118. 2020.03.31 – This is chloracantha further south at Johnson’s Post with ‘pygmaea’. Large dense clumps seemingly holding clay pedastals together. These are associations of systems and in my opinion very significant in recognising where species stop and start. Not that this simplifies the problem. Incidentally chloracantha in a small green form also occurs in the Gouritz River gorge through the Langeberg.
119. 2020.04.01 – Chloracantha occupies an incredible range of habitats and varies accordingly. These are it at Cooper Siding in feldspathic sandstone. Not far away it is also in transitional zone to shale and the plants also looking a bit different. In both cases it is with “pygmaea” and I have see hybrids despite the season difference in flowering times. Curiously I was once asked … “how do you know it is a hybrid?” Well I do not know how to answer that. It is like asking, “How do you know you which is your left foot?”
Lawrence Loucka – Please say some more about hybrids. ‘I know it when I see it.’ may be true but how to confirm? What do you see – parent proximity, morphology, flowering overlap, habitat? If not hybrid, then what?

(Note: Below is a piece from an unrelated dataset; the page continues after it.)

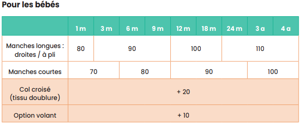 Le patron est disponible pour bébé (1 mois - 4 ans), enfant (5 - 12 ans), femme (32 - 52), homme (XS - XXL).

Bruce Bayer – I think you are asking me to identify my left foot. What can it possibly be if it is not derived from the plants before your eyes? I forget now the name of the hybridity test based on mensuration and statistical analysis. I tried to use it on what were such obvious hybrids between herbacea and reticulata – and as you well know in H. mirabilis var sublineata, getting significance requires an inordinate sample size. So of course it is parent proximity. whereabouts of the “hybrid”. And what is difference in flowering time where there is 4-5 months between peak flowering time of each putative parent and a flowering time that can be acted on the the seasonal rainfall – and individual plants that simply do their own thing. With DNA we cannot even separate the species so how do we use that? It comes down to nitpicking and finding a way to discount the obvious. How do you confirm that all the plants before your eyes are two species when you have no definition of what the word means and cannot specify the actual criteria that are common to the respective entities? That is why it is possible to just come out with names like hammeri, joleeniae, vincentii etc. and find an innocent accepting audience? 😄 Best way of looking at the issue.
Jakub Jilemicky – Aren’t these floribunda v. dentata?
Bruce Bayer – Jakub, I would like you to detail the differences between floribunda and chloracantha. There seems to be a serious misconstrual of classification here. First you have to arrive at the species name and then at the next level down. In Haworthia I have virtually abandoned “nextleveldown” because the species level is already confounded. You cannot get a variant of one species in a population of another where the populations and species are arranged and derived as they are in Haworthia. Can someone explain it better? Prof. Cronquist once asked of his taxonomic proteges and fellow experts…”Do we know what we are doing?” By and large haworthia taxonomists do not even seem to know what taxonomists even should be doing. 😄
Jakub Jilemicky – True, this group of plants are very challenging. I’m using your books as a source of taxonomy. I have seen quite a few population from Hartenbos in the East to Riversdale in the West. And I’m lucky to grow quite a big collection from many sources of this plants, so I can compare them both in cultivation and in nature. H. floribunda v. dentata seems for me to continue into chloracantha v. denticulifera. Around Gouritz river it is almost impossible for me to distinguish them. Towards Herbetsdale the same happens with chloracantha. There are a few characteristic true chloracantha populations north of town, others are resembling floribunda. Yes, there can be selected true TL plants, which are characteristic, but all between seems for me to be one big continuity🤷♂️
Bruce Bayer – Yes Jakub, it is not just this group. I think I actually generated the name floribunda var. dentata. In retrospect it was a stupid thing to do because there is no such a taxonomic entity IF you realize that “variety” should mean a population entity and not “variant” meaning individual variation – in which case “form” would be better? My posts are doing what you describe – showing that there is 1/2/3? big continuity/ies.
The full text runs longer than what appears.